At this stage the editor shell is able to display tab documents bound to a ViewModel; tabs can be moved around, torn from the main window and dragged to another monitor, or docked inside the editor shell. I’m now working on figuring out how the toolwindows are going to work; I’d like something similar to Visual Studio, but the Dragablz library would need to be forked and updated with such capabilities… the “toolwindows” aren’t docking and don’t work in a way that would make sense in a code editor.
Workflow
This does impact the VBA dev workflow: in RD2 the single source of truth was the VBE. In RD3 that’s no longer the case, since the VBE isn’t going to contain the code that’s being edited. The single source of truth in RD3 is going to be moving to the Rubberduck Editor, and the editor will be working off code files exported to file system folders, dubbed “workspace folders”.
When the Debug/Run command is executed, the RDE will save all modified documents to the workspace, synchronize the host VBA project components to mirror it, and then the VBE takes over from that point on (RDE window will minimize itself) to compile and actually run/debug the project.
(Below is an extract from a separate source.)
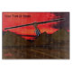 An allegorical depiction of Passover. With a red sunset sky presaging the tragedy that would shortly befall the Egyptians, Moshe's arm holds aloft his staff from behind pyramids in promise of the exodus to occur that night. Customise by adding your own text. The blue and white stripes of Moshe's sleeve evoke the prison garb of those held in Holocaust concentration camps.

The host VBA project can also be synchronized any time you want, using the File/Synchronize command – and the editor will run a FileSystemWatcher on workspace folders, so it will detect any external changes/additions/deletions, and immediately notify the language server. If external changes are detected on a file that is opened in the editor, it will prompt to either reload the document, or keep the editor version if it has unsaved changes (thus discarding the external changes).
In RD2 you had to manually tell Rubberduck about changes occurring in the VBE, because automatically parsing on idle involved low-level keyboard hooks and since these hooks were already involved in auto completion and hotkeys, it was deemed too invasive, and ran against the basic premise of the parser, which is that we’re operating with legal, compilable code.
This all changes dramatically in RD3. Because the editor is fully managed, nothing happens in it without the language server receiving requests and notifications. Content changes synchronize in real-time, the editor receives responses with completion lists, syntax errors to highlight (squiggles!), or edits (e.g. auto-formatting etc.) made server-side that the editor immediately carries into the code pane as you type – exactly like how Visual Studio and VSCode and any other modern-day code editor that works with a language server.
The server works asynchronously and out of process, so long-running tasks can send progress notifications, and even partial responses – for example a completion list might only include names to render the list in the client, and the associated tooltips and commands might be sent a few milliseconds later.
Debugging
As was mentioned before, the one thing the RDE cannot do, is attach as a debugger to your running VBA code. When you debug, the RDE will minimize itself and leave the VBE in charge. Edit-and-continue poses a particular challenge: after a debug session, the RDE doesn’t know if anything was modified in the VBE, and its file system watchers cannot help because code doesn’t just magically export itself back to the workspace folders – so here’s what we’re looking at:
When a debug session is launched from the RDE, code gets synchronized into the VBE before it is compiled and executed;
If the RDE is re-focused and the VBE is back into edit mode (i.e. debug session has ended), the entire workspace gets refreshed with a new export from the VBE;
If the RDE is re-focused during a debug session, document tabs will be read-only and the status bar will indicate why;
If the host application crashes, or the debug session does not end with the RDE being brought back before the host application shuts down, then the single source of truth resides safely in the host document and the workspace will synchronize next time the RDE loads this project;
Any edits made to the exported workspace files during a debug session would be overwritten and lost when the session ends and the RDE is re-focused, unless source control is involved and the changes were committed – in which case the modifications can then be recovered from source control.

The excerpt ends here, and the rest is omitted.